Novel Agents for the Treatment of Melanoma

Source: OncLive, September 2019

Jeffrey S. Weber, MD, PhD: There’s a whole raft of phase III trials that will come to mature—SD-101, CMP-001, the MASTERKEY-265—and then there’s the NKTR-nivolumab trial. Jason, a lot of buzz about these IL-2–like compounds. There’s ALKS 4230, which is a genetically modified IL-2. There’s NKTR-214 which is a pegylated IL-2. And the idea was it would not bind to the alpha receptor of IL-2, so it wouldn’t promote T-regs [regulatory T-cells] and it would activate T-cells. What’s your read on the NKTR-214–nivolumab trial? That’s a phase III trial.

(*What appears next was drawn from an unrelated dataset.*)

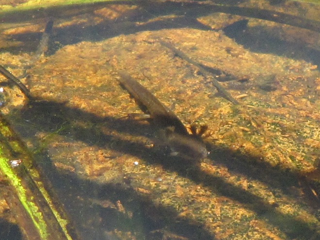 The American Toad (Anaxyrus americanus) is common near the undisturbed pollution-free fish-free vernal pools where it breeds during March and April.The American Toad (Anaxyrus americanus) typically has one “wart” in each of the dark spots on the dorsal surface. The next species, the Fowler’s Toad (Anaxyrus fowleri), has two or three. American Toad (Anaxyrus americanus) tadpoles in a vernal pool.American Toad (Anaxyrus americanus) tadpoles in a roadside ditch.Fowler’s Toad (Anaxyrus fowleri).Fowler’s Toads (Anaxyrus fowleri) breed in late May and June in temporary pools of water, often in streamside meadows, as seen here, or in other riparian wetlands. They are not nearly as widespread as the American Toad in the Lower Susquehanna River Watershed.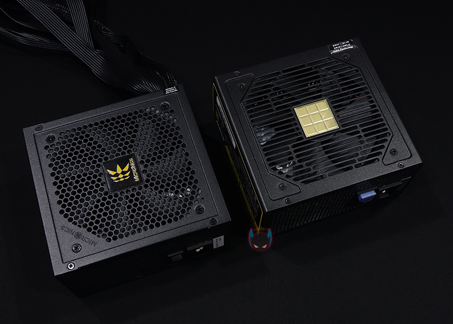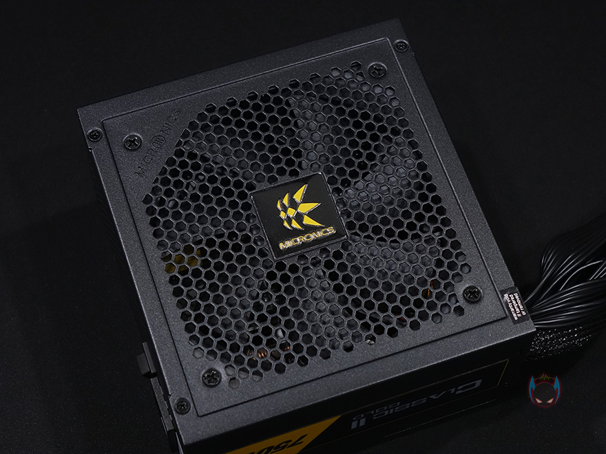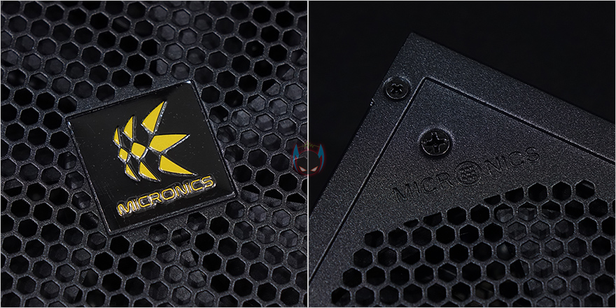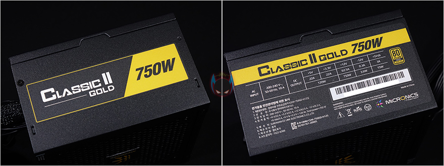케이블이 기본연결된 방식의 마이크로닉스 클래식2 80Plus 골드 파워서플라이는 살펴보면, 일단 제품박스에서도 잠깐 언급했듯이 올해부터 마이크로닉스 로고가 바뀌었습니다. 그래서, 작년에 출시된 풀-모듈러 제품과 비교해보면 몸체 상단에 로고가 바뀐 것을 확인할 수 있고, 모서리 나사부근에도 로고가 추가로 새겨진 것을 확인할 수 있습니다. 그래도, 사이즈는 ATX 파워서플라이 최소 깊이인 140mm로 동일하죠. 그리고, 상단 벌집모양의 에어홀 처리와 함께 내부에는 120mm 팬이 장착된 것을 확인할 수 있으며, 후면에도 배기역할로 에어홀이 처리되어 있습니다. 전압규격은 국내시장과 유럽시장에 맞춘 200~240V를 지원합니다. 그래서, 80Plus 골드등급 인증도 유럽 230V EU기준에서 인증 받았죠.

Jason J. Luke, MD, FACP: The predicate here being that before we had all these drugs we’ve just been discussing, a high-dose IL-2 was the therapy that was available to some patients and was associated with a long-term benefit. That’s really fallen away because of the toxicity, but we still all acknowledge the fact that some patients were cured. As you’re suggesting, these are novel approaches to harness IL-2 biology and then bring it into the checkpoint inhibitor space. NKTR-214 is a pegylated molecule that tries to sort of take the parts of the IL-2 molecule that we think are the important ones, then tries to use that in combination with checkpoint blockade to enhance that.

I think that the early data set are very interesting in that regard. The clinical data have showed that in some patients with advanced melanoma in the frontline setting, there were complete responders in patients who were PD-L1 [programmed death-ligand 1] negative, and that was thought to be pretty unlikely. There were changes on the translational level, in terms of number of immune cells going into tumors, and the immune changes in a tumor that you would think would associate with immune response. All that trended in the direction that you would expect, enough that this phase III trial has been launched.